### TASK DETAILS
Transcribe, exactly and without pictures, the lines below from the line with "行业方面,上周综合金融、石油" to the line with "Offrez à vos", both ends included, and no others.

### SOURCE MATERIAL
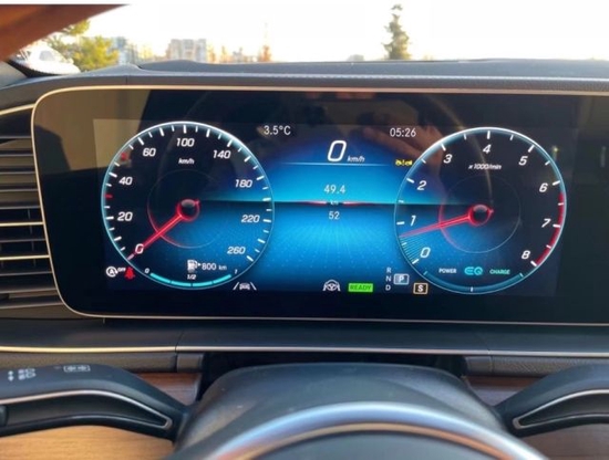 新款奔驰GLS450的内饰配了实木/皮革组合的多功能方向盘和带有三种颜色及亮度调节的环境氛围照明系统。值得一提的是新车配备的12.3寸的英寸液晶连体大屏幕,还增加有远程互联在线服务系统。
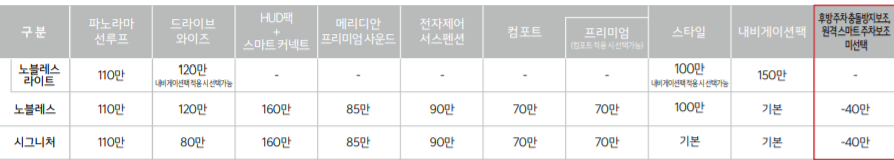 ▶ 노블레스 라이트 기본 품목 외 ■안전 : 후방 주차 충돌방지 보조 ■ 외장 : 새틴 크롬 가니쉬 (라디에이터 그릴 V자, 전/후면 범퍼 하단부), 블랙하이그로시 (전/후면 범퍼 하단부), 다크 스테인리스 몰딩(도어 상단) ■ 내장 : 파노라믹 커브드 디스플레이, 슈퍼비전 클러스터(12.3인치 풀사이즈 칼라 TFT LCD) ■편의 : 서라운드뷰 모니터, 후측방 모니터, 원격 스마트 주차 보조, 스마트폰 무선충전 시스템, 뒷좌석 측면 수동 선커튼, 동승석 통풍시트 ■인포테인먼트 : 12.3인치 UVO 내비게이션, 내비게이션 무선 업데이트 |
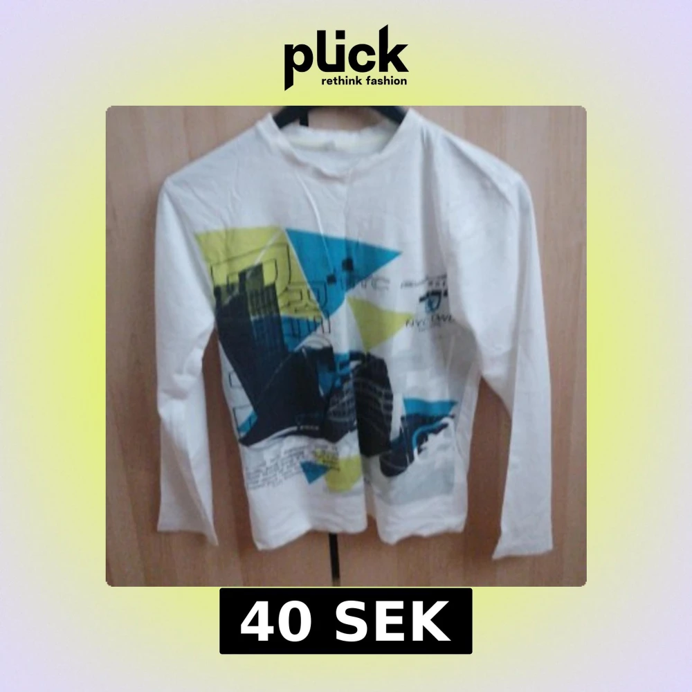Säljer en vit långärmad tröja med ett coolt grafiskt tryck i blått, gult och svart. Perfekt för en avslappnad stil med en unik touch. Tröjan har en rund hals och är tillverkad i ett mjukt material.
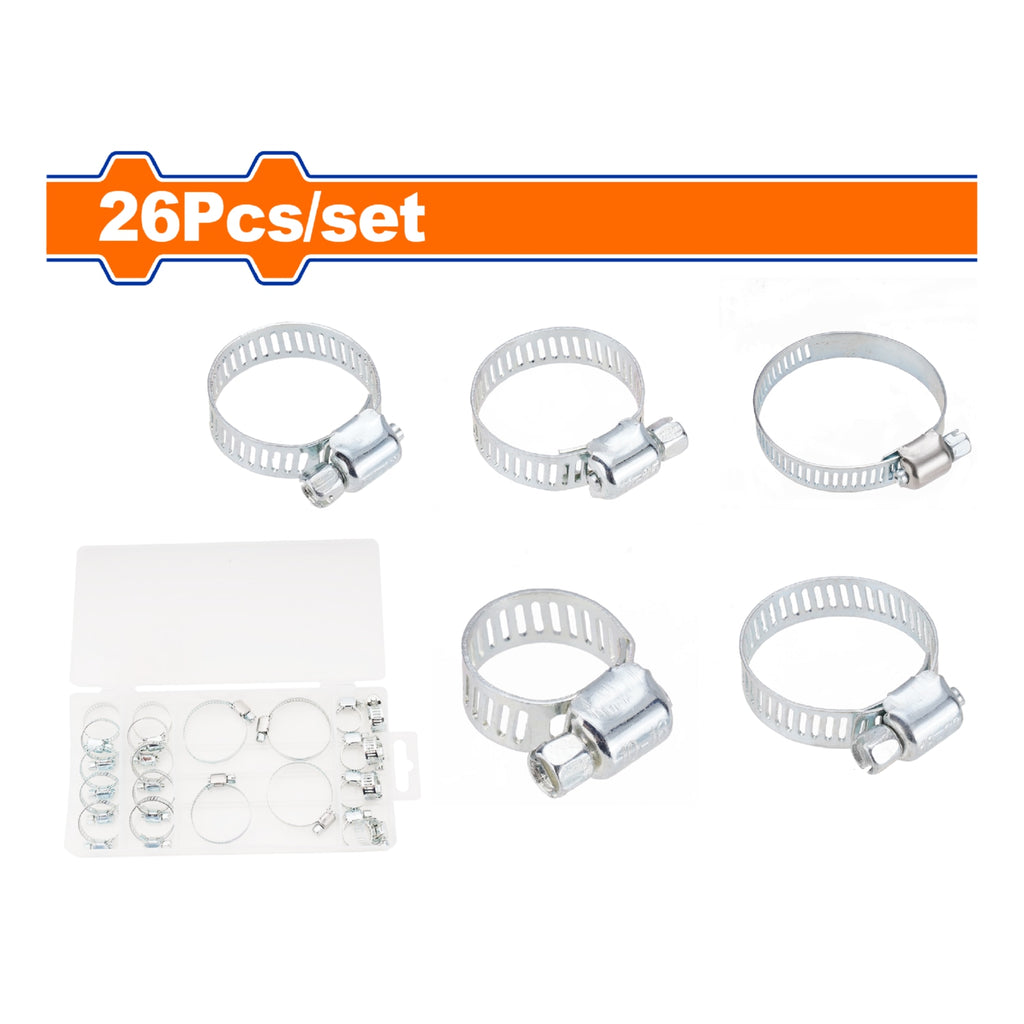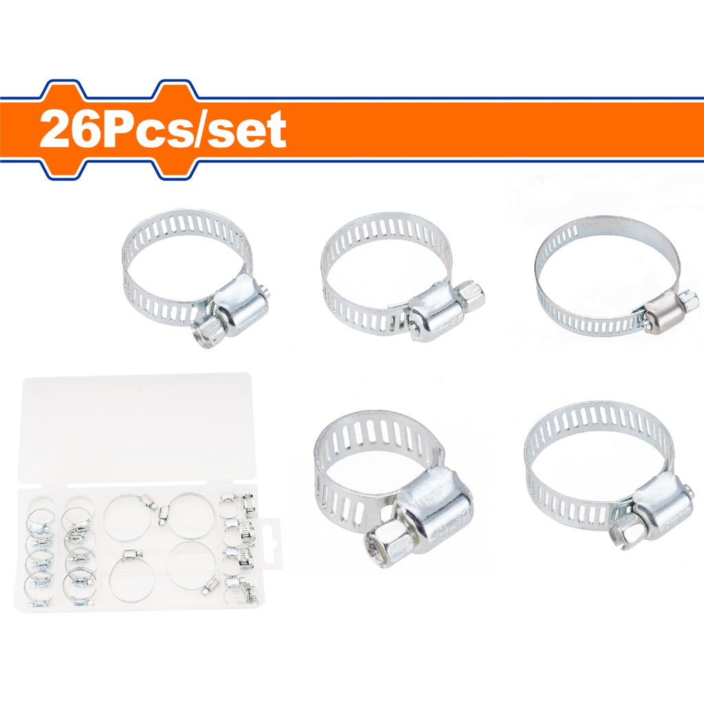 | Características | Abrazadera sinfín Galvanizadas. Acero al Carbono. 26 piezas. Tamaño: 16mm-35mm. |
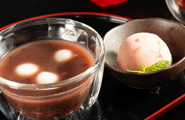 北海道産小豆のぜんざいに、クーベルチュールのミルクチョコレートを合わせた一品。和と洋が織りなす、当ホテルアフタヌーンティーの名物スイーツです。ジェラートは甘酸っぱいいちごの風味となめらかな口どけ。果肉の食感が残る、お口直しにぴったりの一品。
...
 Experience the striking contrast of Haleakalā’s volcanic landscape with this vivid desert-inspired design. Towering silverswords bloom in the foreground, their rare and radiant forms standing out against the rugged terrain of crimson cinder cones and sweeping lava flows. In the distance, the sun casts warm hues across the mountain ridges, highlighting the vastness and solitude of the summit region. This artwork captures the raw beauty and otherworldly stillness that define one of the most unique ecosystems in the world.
...
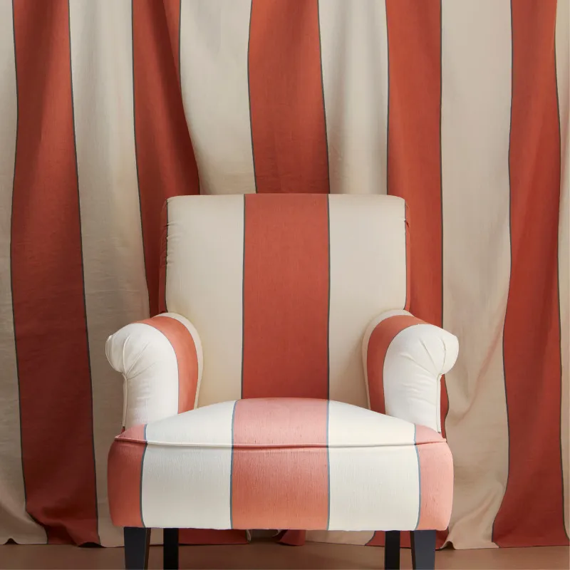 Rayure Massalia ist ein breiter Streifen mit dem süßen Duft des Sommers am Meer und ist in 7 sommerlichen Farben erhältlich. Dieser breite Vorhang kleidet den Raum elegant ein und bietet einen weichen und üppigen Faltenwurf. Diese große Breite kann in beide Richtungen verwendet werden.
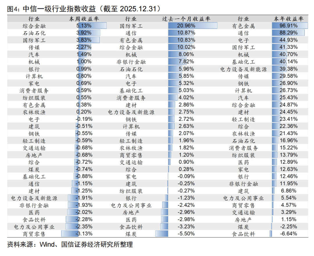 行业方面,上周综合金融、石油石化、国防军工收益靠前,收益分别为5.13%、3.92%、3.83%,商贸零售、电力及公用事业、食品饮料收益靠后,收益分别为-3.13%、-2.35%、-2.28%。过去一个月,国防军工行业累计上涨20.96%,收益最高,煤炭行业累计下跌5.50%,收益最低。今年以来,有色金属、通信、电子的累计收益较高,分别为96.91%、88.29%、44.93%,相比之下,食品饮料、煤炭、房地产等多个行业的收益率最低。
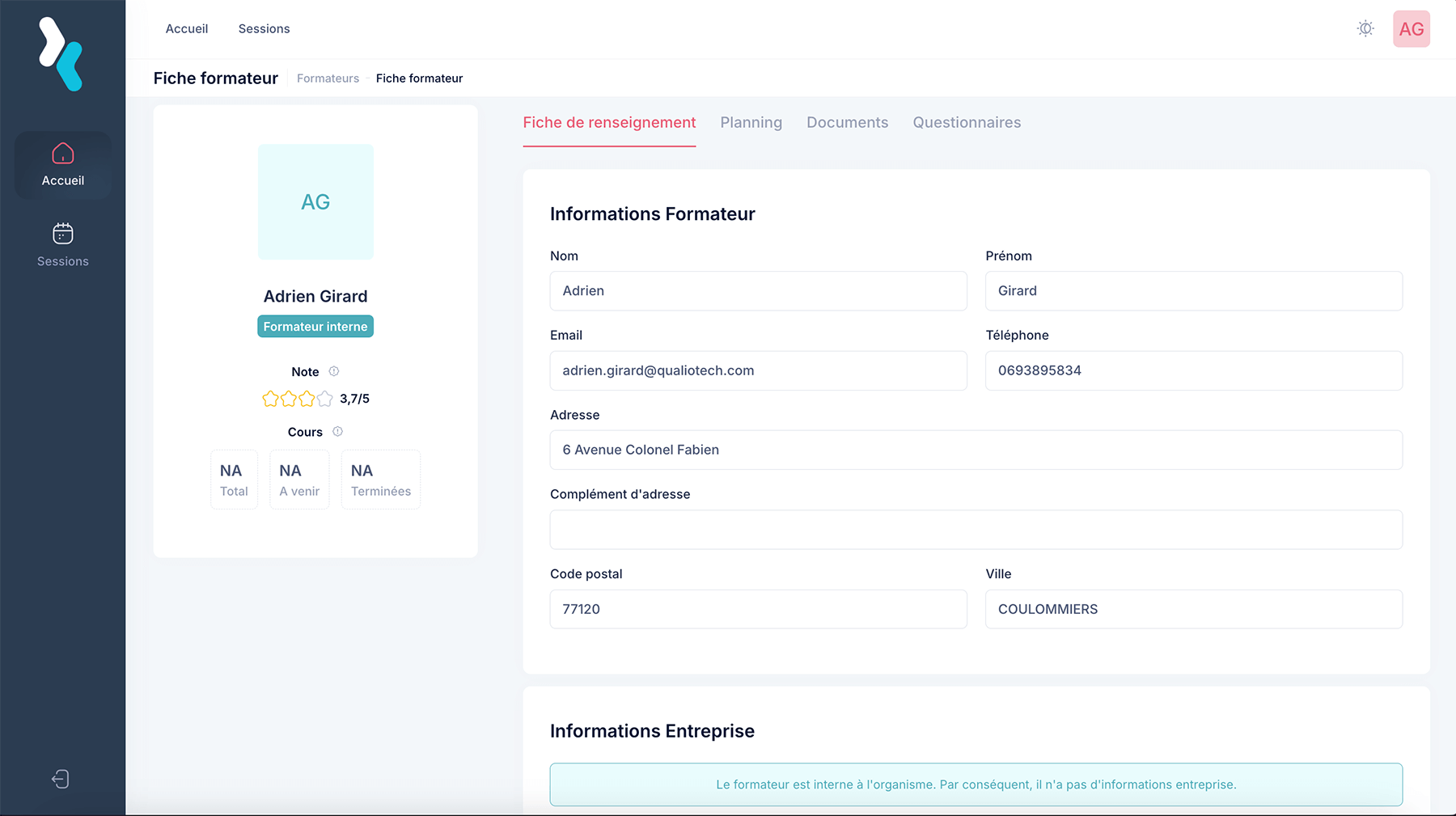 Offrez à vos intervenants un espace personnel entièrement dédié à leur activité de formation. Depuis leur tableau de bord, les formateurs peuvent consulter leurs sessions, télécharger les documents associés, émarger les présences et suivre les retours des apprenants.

### SOLUTION FOR THIS EXERCISE
 行业方面,上周综合金融、石油石化、国防军工收益靠前,收益分别为5.13%、3.92%、3.83%,商贸零售、电力及公用事业、食品饮料收益靠后,收益分别为-3.13%、-2.35%、-2.28%。过去一个月,国防军工行业累计上涨20.96%,收益最高,煤炭行业累计下跌5.50%,收益最低。今年以来,有色金属、通信、电子的累计收益较高,分别为96.91%、88.29%、44.93%,相比之下,食品饮料、煤炭、房地产等多个行业的收益率最低。
 Offrez à vos intervenants un espace personnel entièrement dédié à leur activité de formation. Depuis leur tableau de bord, les formateurs peuvent consulter leurs sessions, télécharger les documents associés, émarger les présences et suivre les retours des apprenants.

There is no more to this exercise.